IX - THOMAS
Quand on est dans une mauvaise phase, on se dit toujours que ça ne peut pas être pire. Qu'à un moment, on attendra un palier infranchissable. Et si je pensais l'avoir largement dépassé lorsqu'Isa a tenté de partir pour la première fois, j'ai fait la plus grosse erreur de mon existence.
Je pensais que si elle ne m'avait pas quitté, c'est qu'elle ne devait pas le faire. Qu'elle était destinée à rester à mes côtés jusqu'à la fin. Qu'elle s'était rendue compte qu'elle avait une chance.
J'avais tout faux, sur toute la ligne.
J'ai eu une belle vie comparée à celle d'Hope. Je n'avais pas des parents très aimants mais j'ai passé mon enfance avec la plus amusante des femmes du monde qui m'a élevé comme ma mère. Je n'avais pas un quotidien très excitant mais malgré cela, j'avais Isa. Elle réhaussait tout, et dès que je la voyais, mon cœur faisait un bond dans ma poitrine et la situation passait de "ennuyante" à "exaltante".
Il me suffisait de l'apercevoir pour qu'elle égaye tout et me fasse sourire à m'en bloquer la mâchoire. Et c'est pour cela que quand elle a commencé à aller mal, mon bonheur m'a filé entre les doigts. Littéralement.
À présent, quand tu entrais dans une pièce, je remerciais Dieu que tu sois encore en vie et que tu n'aies pas cherché à repartir. Je remerciais le monde entier que tu me fasses don de ta présence, ne serait-ce qu'on jour de plus, et j'espérais que tu serais toujours là le lendemain.
Tu avais effacé toutes mes inquiétudes avant de les faire revenir au galop.
Alors j'ai voulu te retenir. Trouver un moyen de te raccrocher définitivement à cette Terre même quand au plus profond de mon être je savais que c'était impossible.
Je t'ai demandé en mariage.
Et encore aujourd'hui, je ne le regrette pas. Parce que je sais que si je ne l'avais pas fait, même si nous n'avons pas pu nous marier, je regretterais aujourd'hui de ne pas avoir utilisé tous les moyens en ma possession pour te sauver.
Et même si nous n'avons été fiancés que quelques semaines, j'ai eu un aperçu de ce qu'aurait pu être une vie à tes côtés. Ta présence me suffisait, même si elle était devenue bien moins rayonnante qu'avant. Je t'aimais de tout mon cœur et je refusais de te lâcher.
Alors quand la demande en mariage n'a pas suffi, j'ai sombré.
J'ai sombré, à tes côtés.
Je crois que c'est ça qui a été le déclic pour toi. Qui t'a fait faire ton choix de partir définitivement. Qui t'a fait renoncer pour de bon à la vie.
Parce que tu avais beau être au fond du gouffre, tu restais la personne la plus généreuse que j'ai jamais rencontré. La personne la plus humble et la plus fondamentalement gentille.
Peut-être que ça qui t'a perdu au final. Le fait d'être trop gentil. Parce que s'il y a quelque chose que j'ai découvert avec les années, c'est que la vie, c'est une putain de guerre.
Des batailles qui s'enchainent. Certains disent que c'est un cadeau et c'est vrai, mais c'est un cadeau qu'il faut mériter, en se battant avec toute notre âme et toutes nos tripes.
Et même si on ne dirait pas, seuls les plus forts en réchappent.
Tu étais forte, Isabella, n'en doute pas.

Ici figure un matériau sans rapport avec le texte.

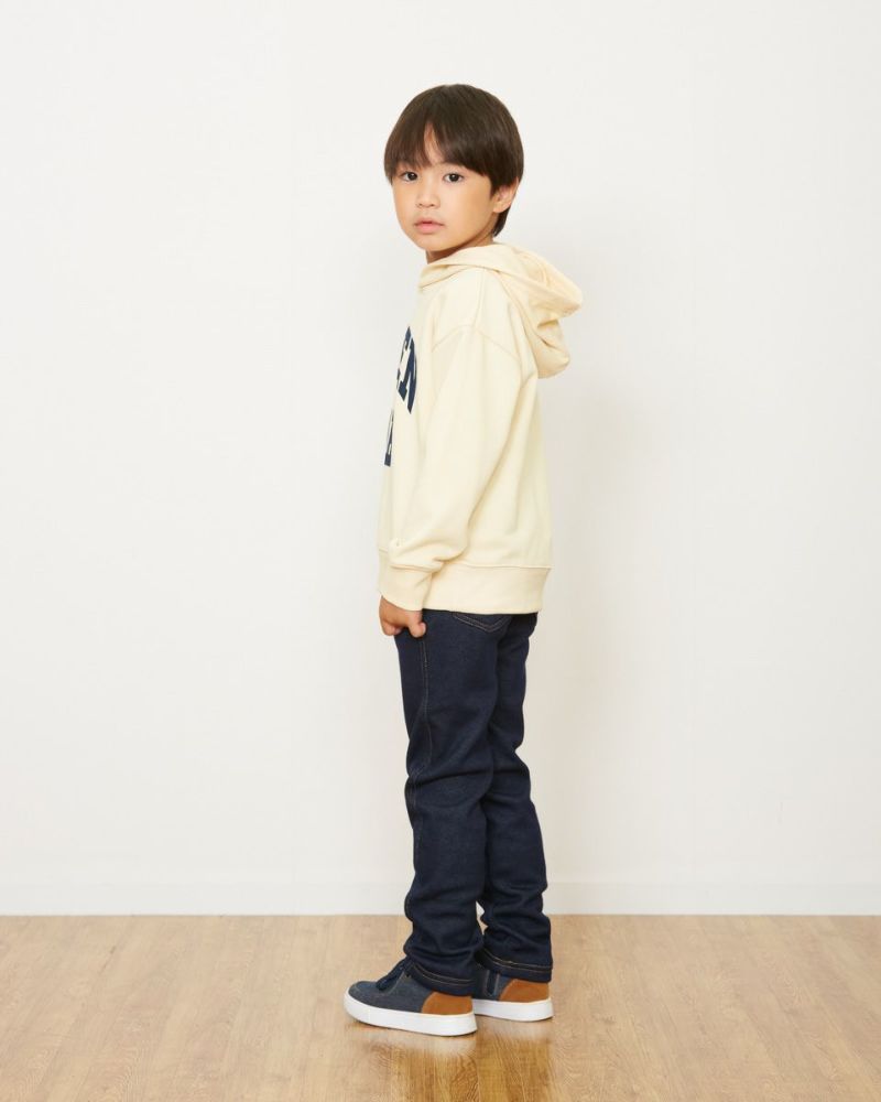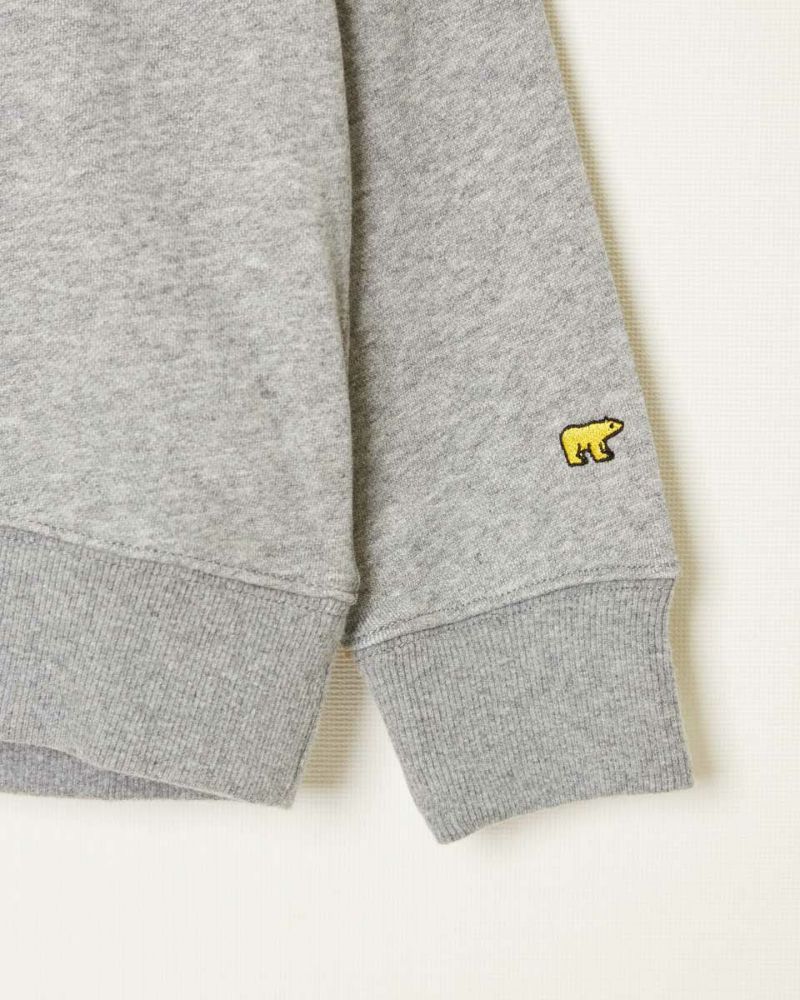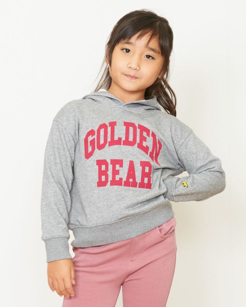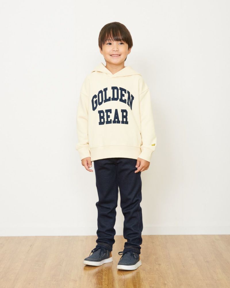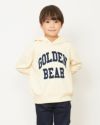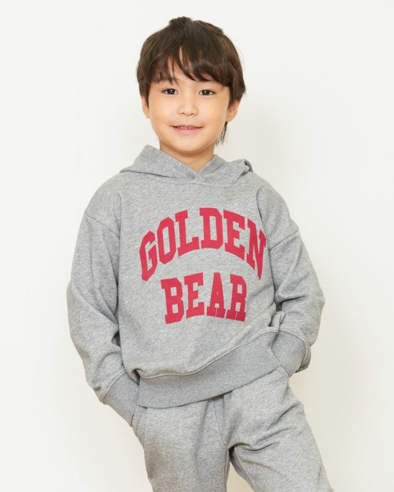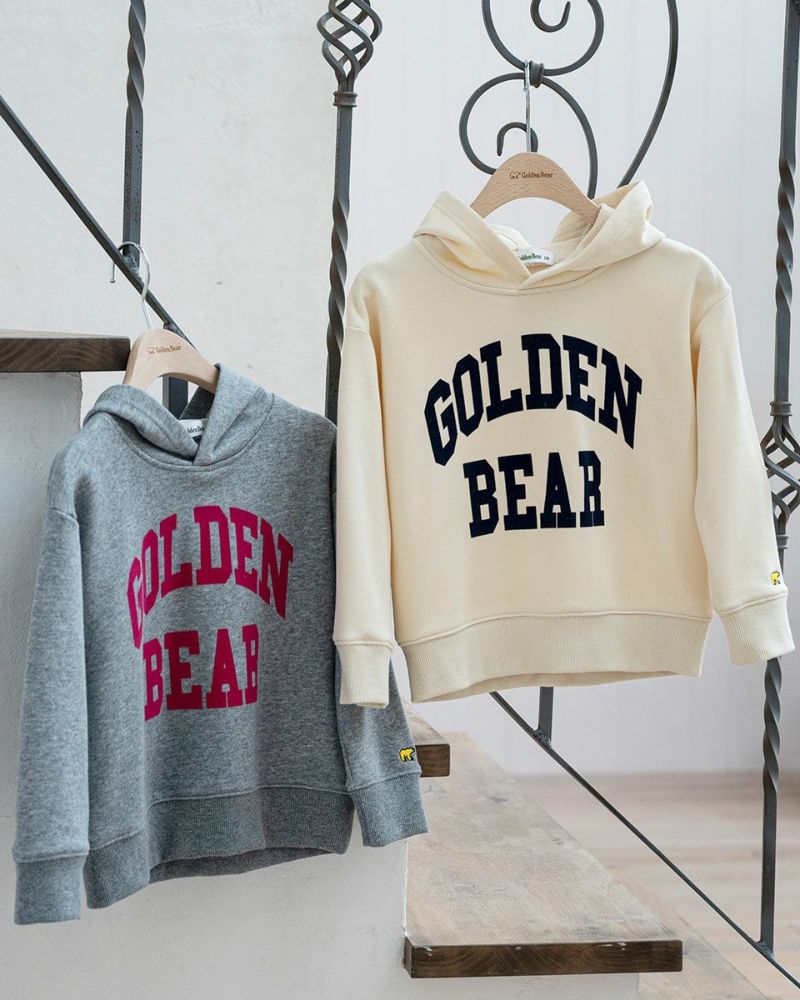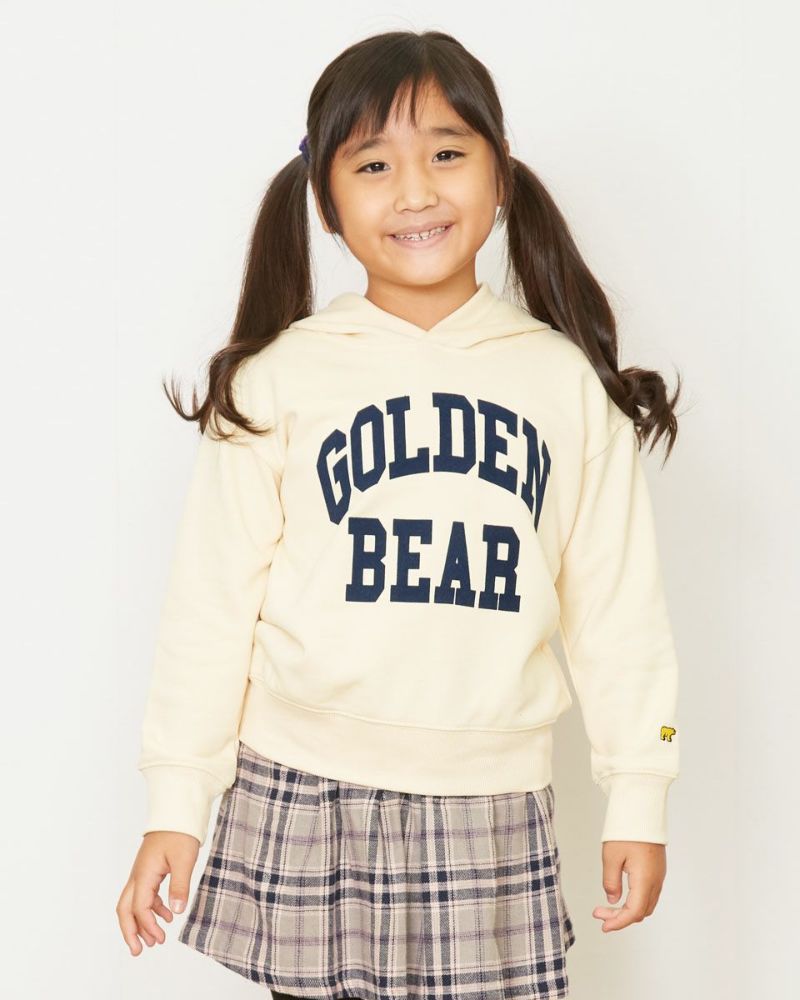 やわらかく肌触りの良い裏毛素材を使用したパーカです。GOLDEN BEARの文字をカレッジロゴ風にデザインアレンジしました。フロントのフロッキープリントにはボディカラーに合わせて映える色を採用しています。シンプルながら存在感のあるアイテムです。BOYS、GIRLS共用でお召しいただけます。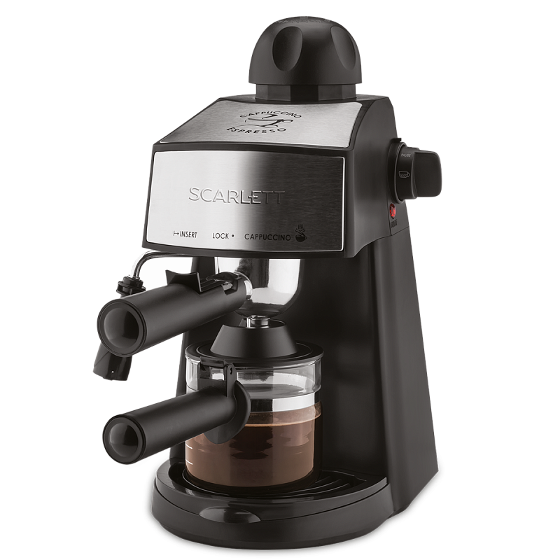 офеварка бойлерного типа SC-CM33004 мощностью 800 Ватт оснащена кофейником из термостойкого стекла. Классическое сочетание цветов с металической декорацией впишется в любой интерьер. Прибор оснащен давлением 3,5 Бар. Оптимальная емкость резервуара для воды 240 мл, съемный фильтродержатель, съемный поддон для сбора капель, мерная ложка с уплотнителем - сделают эксплуатацию прибора максимально простой. Кофеварка оснащена капучинатором, который позволяет взбивать молоко с самой густой пенкой и получить наиболее сбалансирванный вкус кофе, как в настоящей кофейне.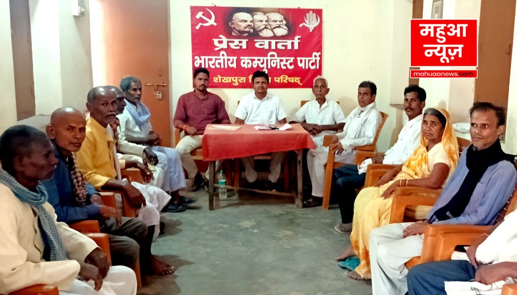 भारतीय कम्युनिस्ट पार्टी की अंचल कमिटी की बैठक स्टेशन रोड स्थित पार्टी कार्यालय में हुई। बैठक की अध्यक्षता नंदलाल राम ने की। इसमें सर्वसम्मति से फैसला लिया गया कि 12 अप्रैल 2025 को एनडीए सरकार की नीतियों के खिलाफ शेखपुरा की सड़कों पर आंदोलन किया जाएगा। आंदोलन में किसान, मजदूर और अल्पसंख्यक बड़ी संख्या में शामिल होंगे।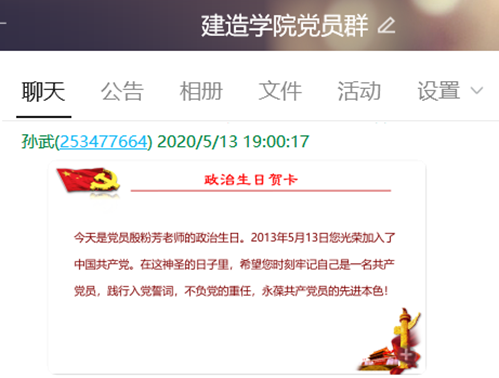在党员过“政治生日”当月内,党支部给过生日党员发送一条祝福短信。
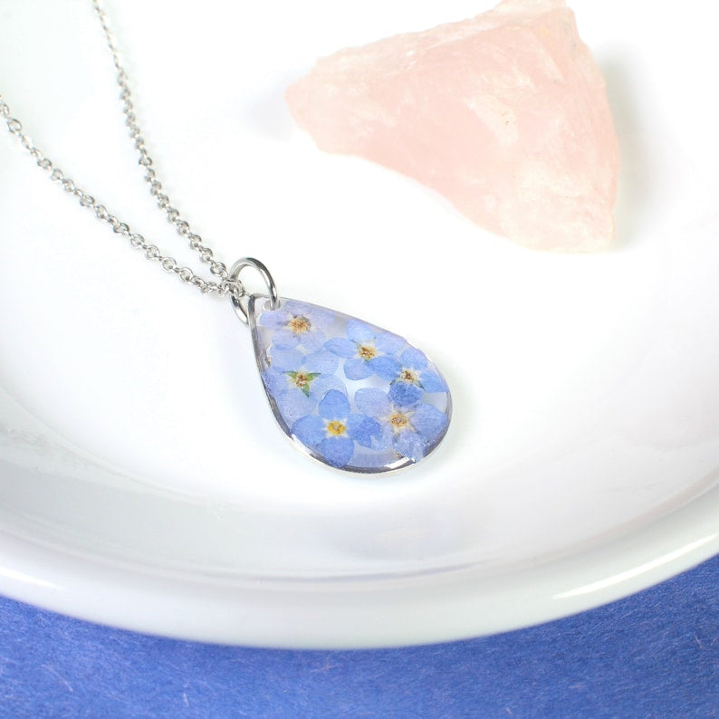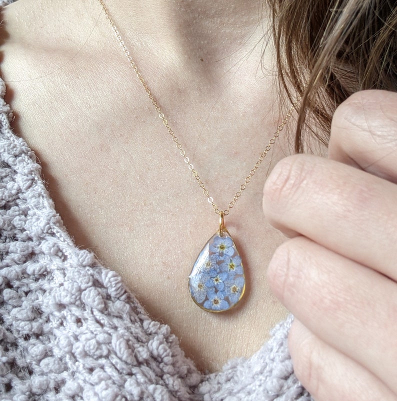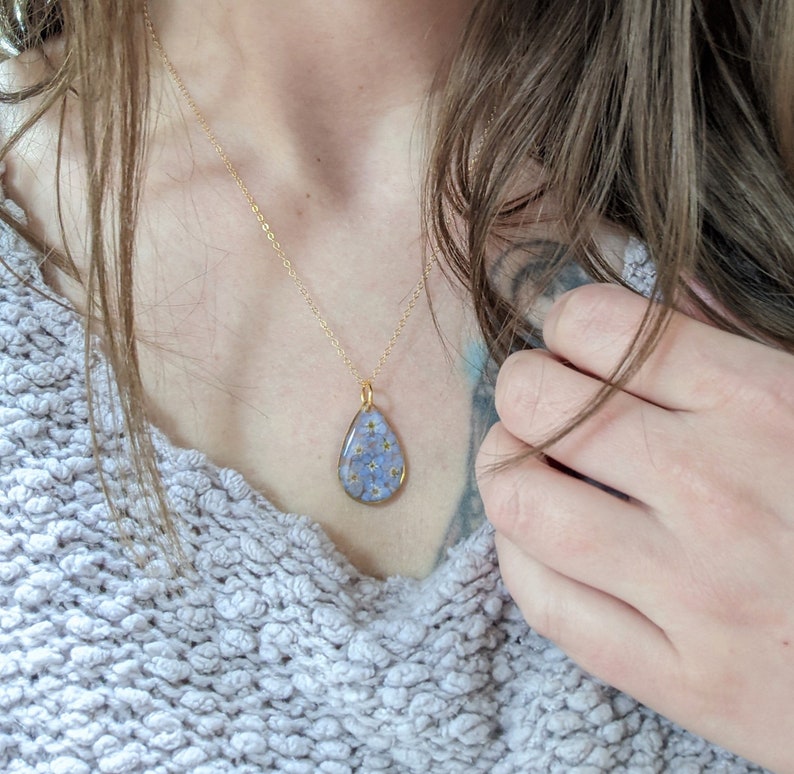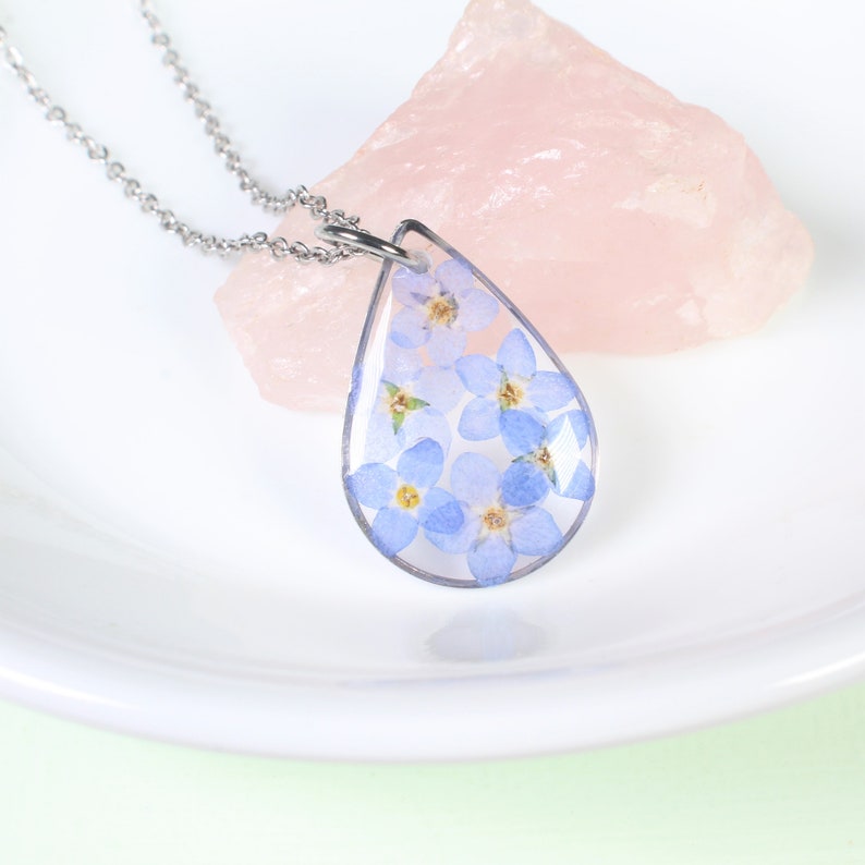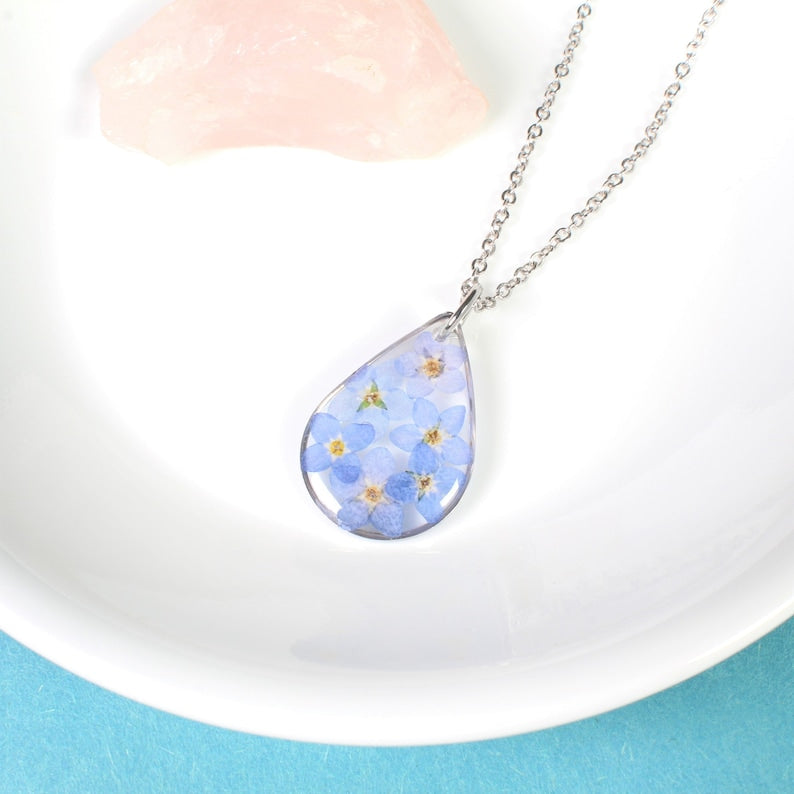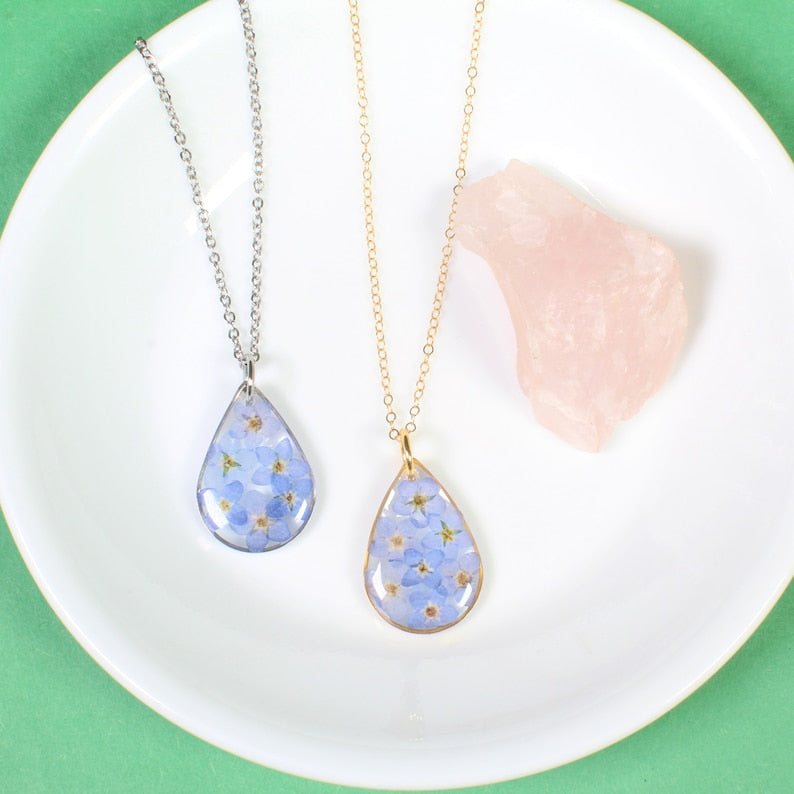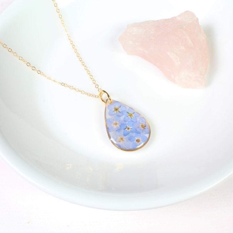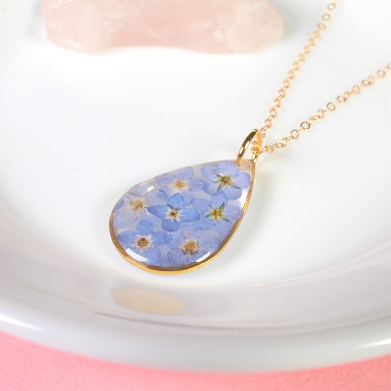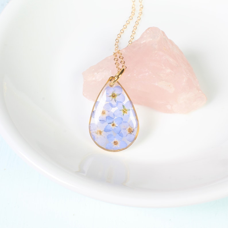 Gold forget-me-not necklace, real pressed flower teardrop pendant, handmade resin jewelry, blue forget me nots, dried botanical necklace
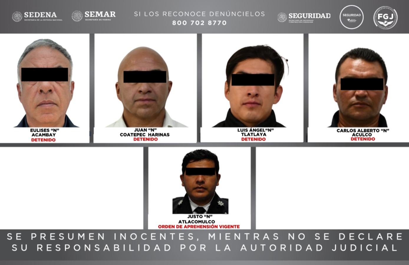 Por la izquierda2: La Fiscalía General de Justicia del Estado de México ejercitó acción penal en contra de tres comisarios municipales de Seguridad, -sumando cinco- por su probable participación en la desaparición de su homólogo de Temascalcingo.

Mais peut-être simplement pas assez pour toutes les épreuves que la vie t'a balancées à la gueule.
Mais tu as su les affronter de la plus belle des manières possibles. Même quand tu te savais en train de dépérir et de sombrer, tu continuais à me réconforter, à m'aimer, à penser à moi. Et c'est ainsi que tu as fait le choix de partir. Le choix de cesser de lutter contre ton destin.
Pour moi.
Quand on y repense, c'est fou ce qu'on peut faire par amour, non ?
On dit qu'on peut déplacer des montagnes. Tu as fait tellement plus.
Tu as choisi de sacrifier tes dernières semaines à vivre sur Terre pour que j'en ai plus. Et je pense qu'au fond de toi, tu savais. Tu savais que tu ne pouvais pas être sauvée, comme tu me l'as si bien dit une fois. Et tu savais que si j'essayais, je n'allais pas en réchapper.
Alors tu as fait ce choix. Et j'appelle cela un choix car je sais que tu aurais aimé que je dise cela. Que je rappelle que tu t'es battue jusqu'à la fin de tes jours et que tu n'as jamais abandonné. Que tu n'as pas cédé.
Certes, tu es partie. Mais ça a été et restera ta décision.
Et je pense que rien que ça montre le courage dont tu as fait preuve.
Tu t'es sacrifiée, pour me permettre de vivre.